Using the listing below, print exactly everything from the line with "386269 12 ||" down to the line with "ビジュー 内起毛 ストラップ ミドルヒール パンプス !送料込み!", both included, and nothing more.

Entries provided:
== Segment start ==
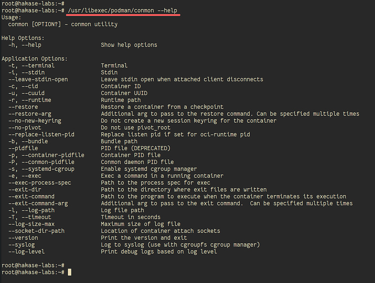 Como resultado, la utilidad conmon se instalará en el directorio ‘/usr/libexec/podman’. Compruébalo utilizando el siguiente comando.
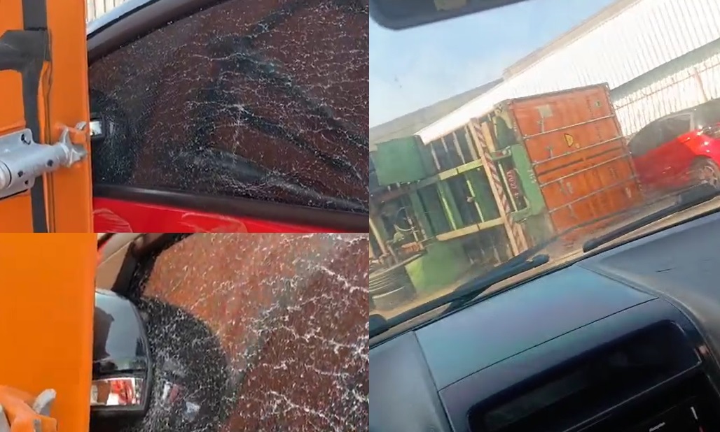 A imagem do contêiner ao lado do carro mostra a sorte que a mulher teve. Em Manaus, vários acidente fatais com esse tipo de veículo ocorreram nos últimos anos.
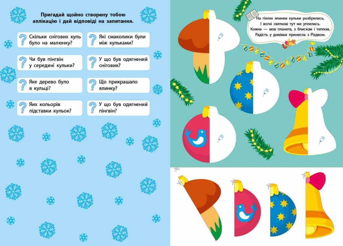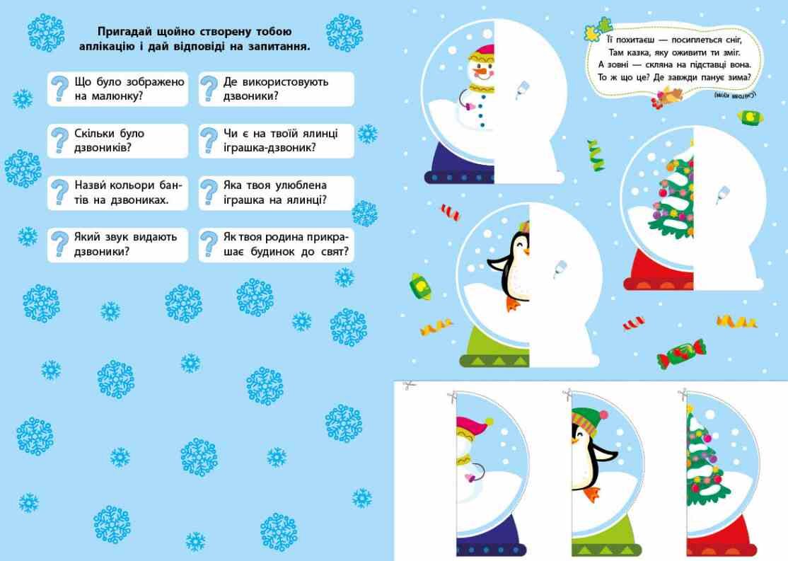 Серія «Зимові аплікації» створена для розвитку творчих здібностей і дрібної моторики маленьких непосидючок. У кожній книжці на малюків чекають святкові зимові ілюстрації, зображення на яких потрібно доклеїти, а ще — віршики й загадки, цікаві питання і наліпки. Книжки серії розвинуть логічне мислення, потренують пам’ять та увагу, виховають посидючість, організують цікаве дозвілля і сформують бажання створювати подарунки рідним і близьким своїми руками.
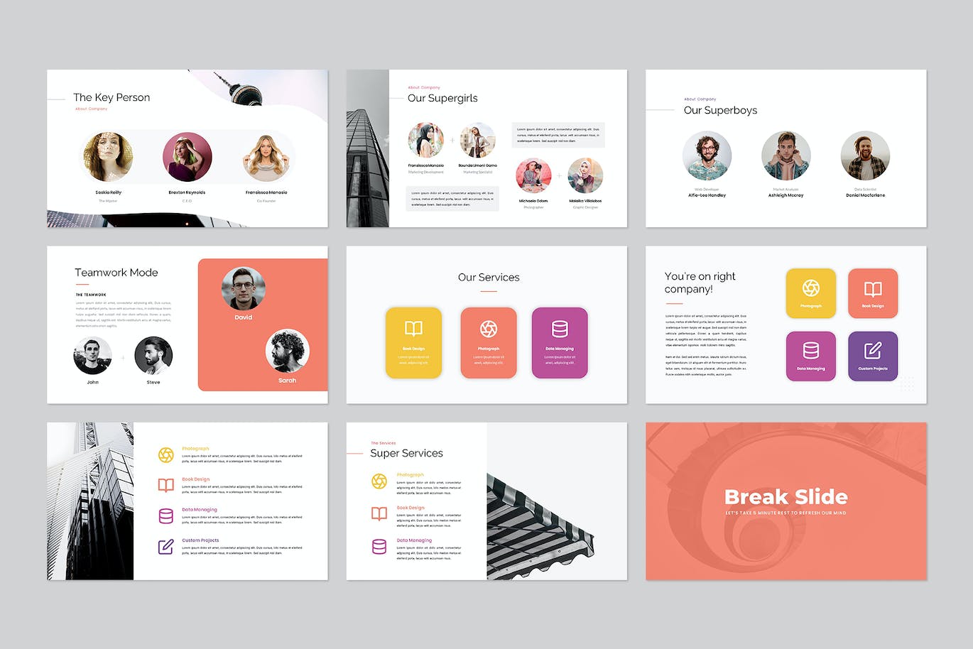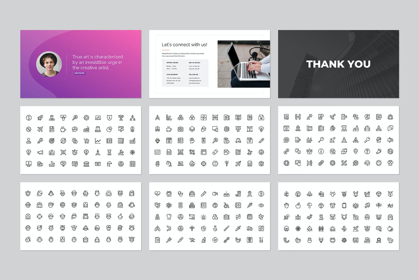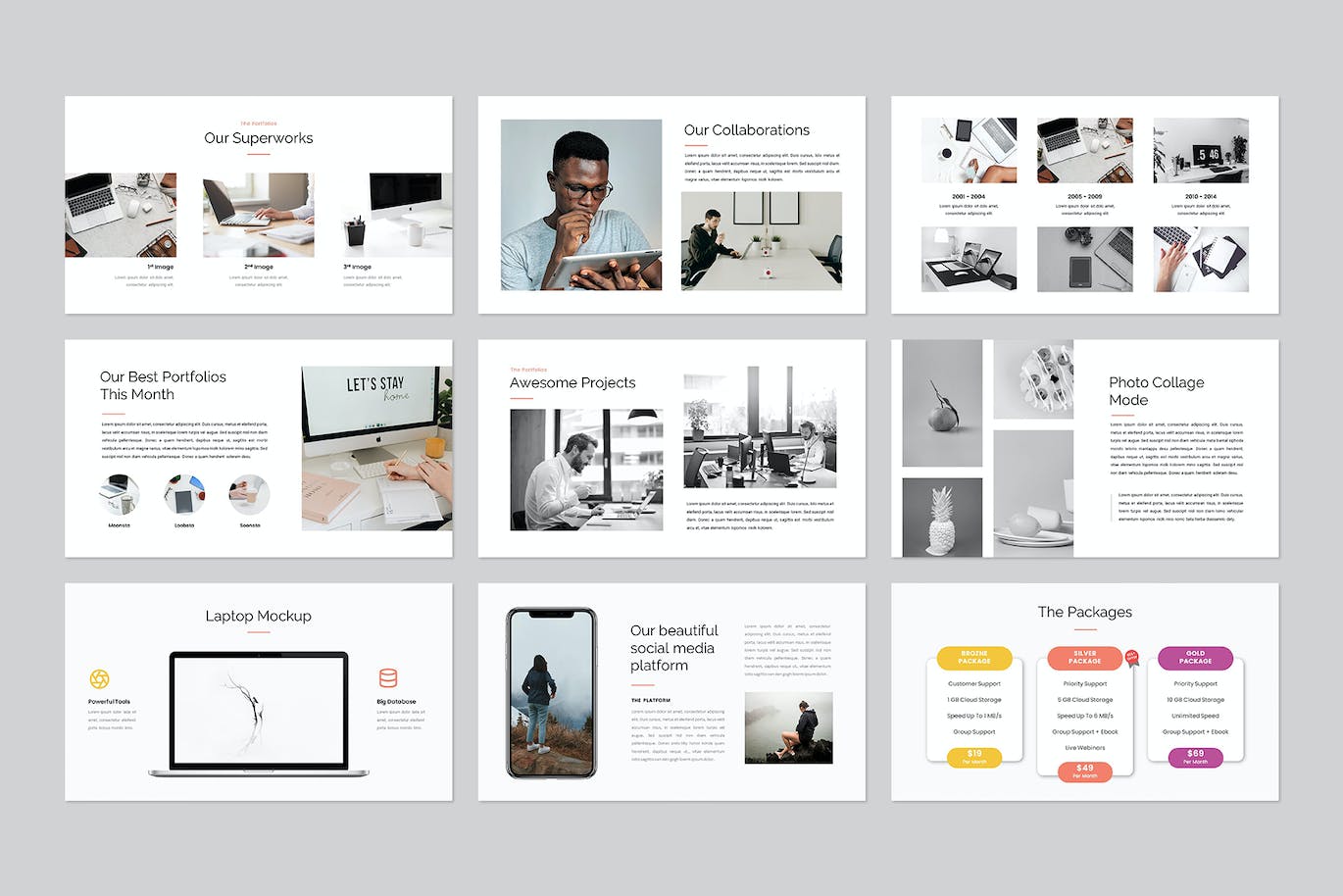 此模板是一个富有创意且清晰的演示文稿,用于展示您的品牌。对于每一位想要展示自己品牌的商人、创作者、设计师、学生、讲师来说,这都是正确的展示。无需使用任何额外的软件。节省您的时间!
== Segment end ==
== Segment start ==
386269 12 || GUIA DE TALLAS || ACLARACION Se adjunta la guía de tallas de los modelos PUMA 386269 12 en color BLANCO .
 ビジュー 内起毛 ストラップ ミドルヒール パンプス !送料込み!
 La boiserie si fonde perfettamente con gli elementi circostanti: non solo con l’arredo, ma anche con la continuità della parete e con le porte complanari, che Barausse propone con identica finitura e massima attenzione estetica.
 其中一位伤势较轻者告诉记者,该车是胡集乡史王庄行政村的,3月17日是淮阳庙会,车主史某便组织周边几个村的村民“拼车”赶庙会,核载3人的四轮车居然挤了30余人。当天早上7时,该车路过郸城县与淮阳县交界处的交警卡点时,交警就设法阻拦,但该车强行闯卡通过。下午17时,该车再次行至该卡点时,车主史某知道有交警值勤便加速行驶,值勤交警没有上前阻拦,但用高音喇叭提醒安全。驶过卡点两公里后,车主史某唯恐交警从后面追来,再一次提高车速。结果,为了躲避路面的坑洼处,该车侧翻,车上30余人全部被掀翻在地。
== Segment end ==
== Segment start ==
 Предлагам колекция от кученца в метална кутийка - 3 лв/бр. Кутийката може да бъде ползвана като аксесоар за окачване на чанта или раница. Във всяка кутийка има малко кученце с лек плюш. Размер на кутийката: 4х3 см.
== Segment end ==
Response:
386269 12 || GUIA DE TALLAS || ACLARACION Se adjunta la guía de tallas de los modelos PUMA 386269 12 en color BLANCO .
 ビジュー 内起毛 ストラップ ミドルヒール パンプス !送料込み!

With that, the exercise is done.